Dr George said the expo had enabled many students to form strategic partnerships with established entrepreneurs and afforded them the exposure they needed to foray into their various industries.

“Most of the products on display were manufactured by our own students with the aim of applying the skills they learnt in the classroom,” he said.

“Through the expo, the university has shown how science can promote innovation and technology. The students learnt the skills to produce the various products on display through our curriculum.

“Our aim is to partner with any company or entity with the intention of investing in the products we produce. We want to put the products on the market by getting assistance from investors or partners.”

Dr George also said the project had benefited some students who managed to register their companies following the launch of the initiative.

“We are continuing to record success stories of students who are now finding their feet in business and registered their own companies upon graduating,” he said.

“For instance, a company called Reed Basketry (Pty) Ltd was formed by a former science student who has made remarkable products from reeds. A venture for processing dairy products such as yoghurt received M700 000 from Metropolitan Lesotho to take it to the market.

“We also have a renowned handcrafter by the name of Tumane Thabane who approached us last year looking for a partnership. That partnership enabled us to send some of our students to his organisation for an internship programme.”

The expo, he said, was also meant to foster the development of other up-and-coming businesses.

“We have partnered with some of the independent traders exhibiting their wares to help their businesses to grow.
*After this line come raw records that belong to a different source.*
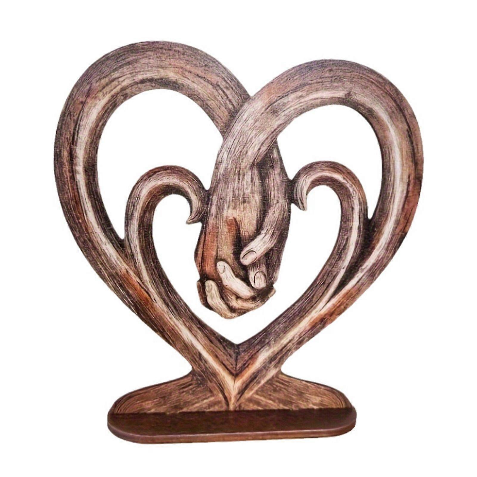 Wooden Heart Ornament Tabletop Decor Love Hearts Holding Hands Ornament Intertwined Hearts Figurine Gift for Anniversaries Birthdays Valentine's Day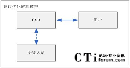 對于客服中心來講,當(dāng)受理了用戶的需求時(shí),CSR與用戶便成了服務(wù)流程中的關(guān)鍵角色,安裝人員只是CSR的一個(gè)協(xié)作角色(內(nèi)部流程下游角色)。如果在為用戶提供服務(wù)過程中,將安裝人員“引入”流程中,無疑將影響流程的執(zhí)行效果。另外,讓用戶代替CSR去聯(lián)系“安裝人員”這更加影響用戶的感受。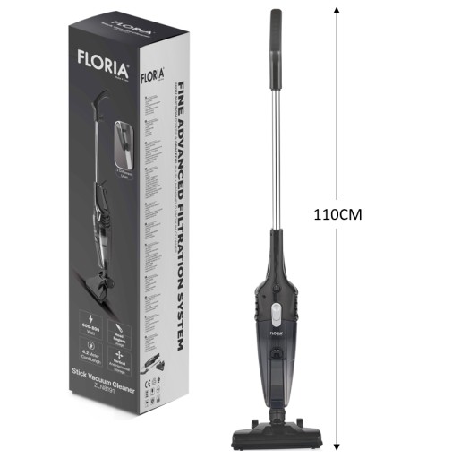 Odkurzacz FLORIA zaprojektowany został z myślą o szybkim i wygodnym sprzątaniu całego domu. Możesz za jego pomocą odkurzać w pozycji pionowej lub ręcznie - wystarczy jedynie odpiąć odkurzacz od drążka. Łatwy do odłączania moduł ręczny pozwala na dokładne czyszczenie miejsc położonych wyżej oraz różnych rodzajów, nawet bardzo trudnodostępnych powierzchni.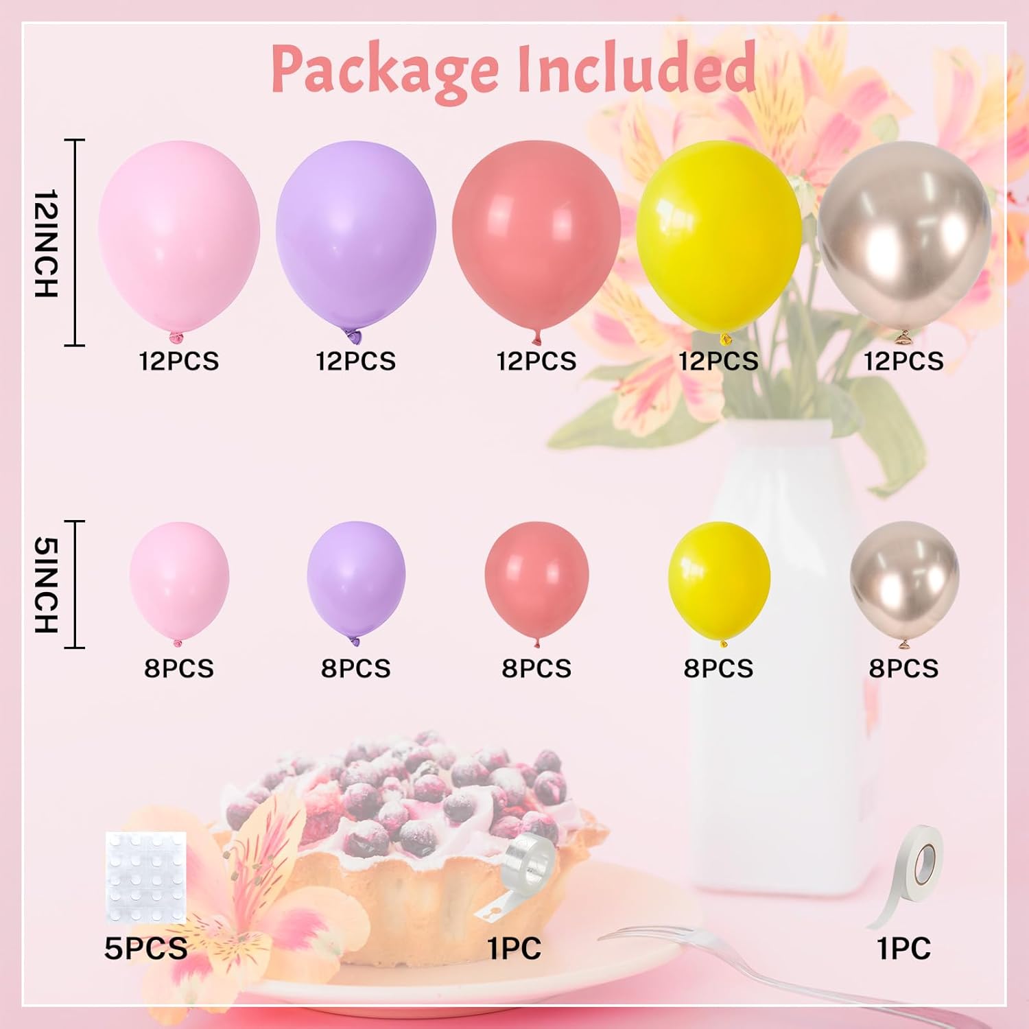 - What You Get - Fairy Pastel Pink Purple Yellow Balloon Garland Arch Kit, package including 60pcs 12 inches balloons(macaron pink*12, macaron purple*12, dusty pink*12, yellow*12, metallic champagne gold*12), 40pcs 5 inches balloons(macaron pink*8, macaron purple*8, dusty pink*8, yellow*8, metallic champagne gold*8), 1 roll of 5 meters balloon strips, 1 roll of ribbon, 5pcs dot glues. Total 107 pcs, all in one package!

Some have come for advice on how to improve their products,” Dr George said.

“One of the entrepreneurs we invited is the Khubetsoana-based car manufacturer. We are already working towards improving that vehicle. I envision developing a dashboard which is unique to the car.”
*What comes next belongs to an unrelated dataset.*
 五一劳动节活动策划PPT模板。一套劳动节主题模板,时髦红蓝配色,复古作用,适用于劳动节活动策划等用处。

An attendee at the expo, Mathe Mathe, lauded the initiative, saying some of the products could compete in the local market.

“I was mostly impressed by the detergents which I feel should find their way into the market. The soaps are very similar to those that I see in supermarket shelves,” she said.

“I think they should start looking for investors from beyond Lesotho who could help them take their products to large markets. They should also consider marketing their products at international exhibitions.”